### EXERCISE
From the entries below, reproduce exactly the lines from the one with "CA30 S/CA30 SS" through the one with "Рис. 3. Металокерамічний", both included, without images.

### TASK INPUT
+++

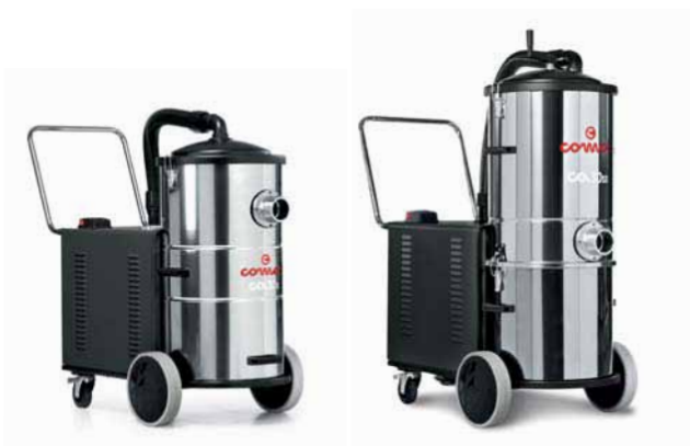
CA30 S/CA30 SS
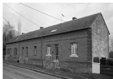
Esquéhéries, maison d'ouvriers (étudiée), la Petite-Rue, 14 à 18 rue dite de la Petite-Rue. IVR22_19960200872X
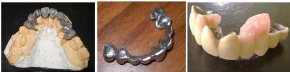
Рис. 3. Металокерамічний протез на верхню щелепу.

+++

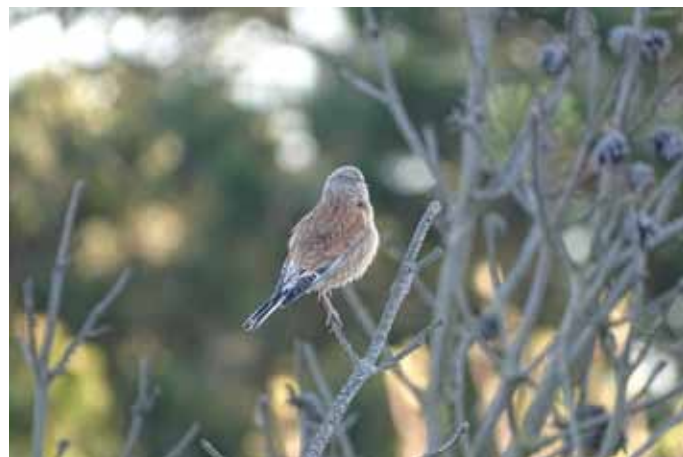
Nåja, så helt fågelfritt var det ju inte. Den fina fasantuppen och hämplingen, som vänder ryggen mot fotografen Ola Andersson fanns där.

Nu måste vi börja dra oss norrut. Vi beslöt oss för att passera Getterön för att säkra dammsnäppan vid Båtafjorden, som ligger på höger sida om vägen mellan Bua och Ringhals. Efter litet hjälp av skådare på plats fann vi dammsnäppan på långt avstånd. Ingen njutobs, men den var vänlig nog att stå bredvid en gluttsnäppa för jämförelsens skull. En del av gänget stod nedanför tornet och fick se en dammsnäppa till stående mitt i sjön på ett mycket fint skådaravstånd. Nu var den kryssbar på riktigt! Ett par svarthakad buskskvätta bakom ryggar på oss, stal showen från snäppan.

+++

### EXERCISE RESULT
CA30 S/CA30 SS
Esquéhéries, maison d'ouvriers (étudiée), la Petite-Rue, 14 à 18 rue dite de la Petite-Rue. IVR22_19960200872X
Рис. 3. Металокерамічний протез на верхню щелепу.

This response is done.